For most of American soccer history, our lack of a stable national league has robbed us of the chance to collectively half-remember good-but-not-great or great-but-not-all-time level players. And it’s those players who really make up the foundation of a national sports culture. Stars are one thing, but it’s the fondly remembered role players, the cult heroes, the people who the Streets Won’t Forget, that form the rich deep lore that a sport needs. These smaller players, who leave their mark in more esoteric ways, create the complex and often kind of silly history that let leagues exist not just as corporations and year-to-year competitions, but as actual cultural institutions that people have ties to.
For a sport to develop stable roots in the culture, great player important, but so are less great players who become fan obsessions, or journeyman left backs who manage to stick around the league for a decade, or a defensive midfielder who subs into a Saturday night game and makes you say “Oh I really could have sworn that he retired.”

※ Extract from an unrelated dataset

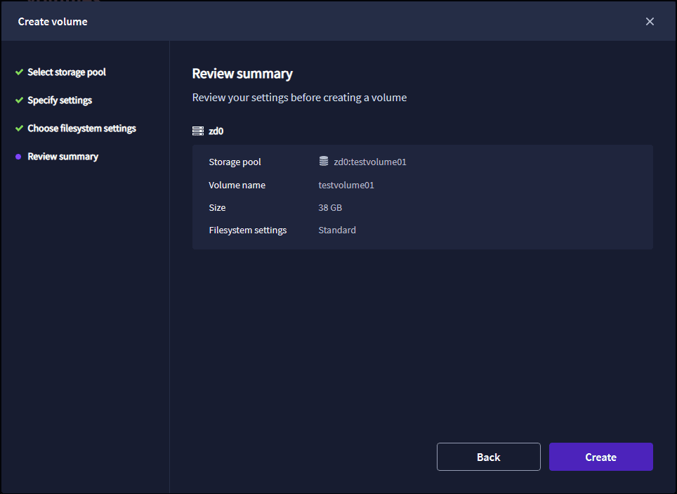 Review the summary of configuration options when creating a new volume.

The Des Moines Menace roster is a sign that American men’s professional soccer has reached a critical threshold: It has stuck around for long enough that players are now reaching second appearance of all great sports personages: a half-remembered collection of moments you probably caught on cable, a collection of highlights you watch on YouTube, a nice play once made on an otherwise unmemorable Tuesday night. A Guy to Remember.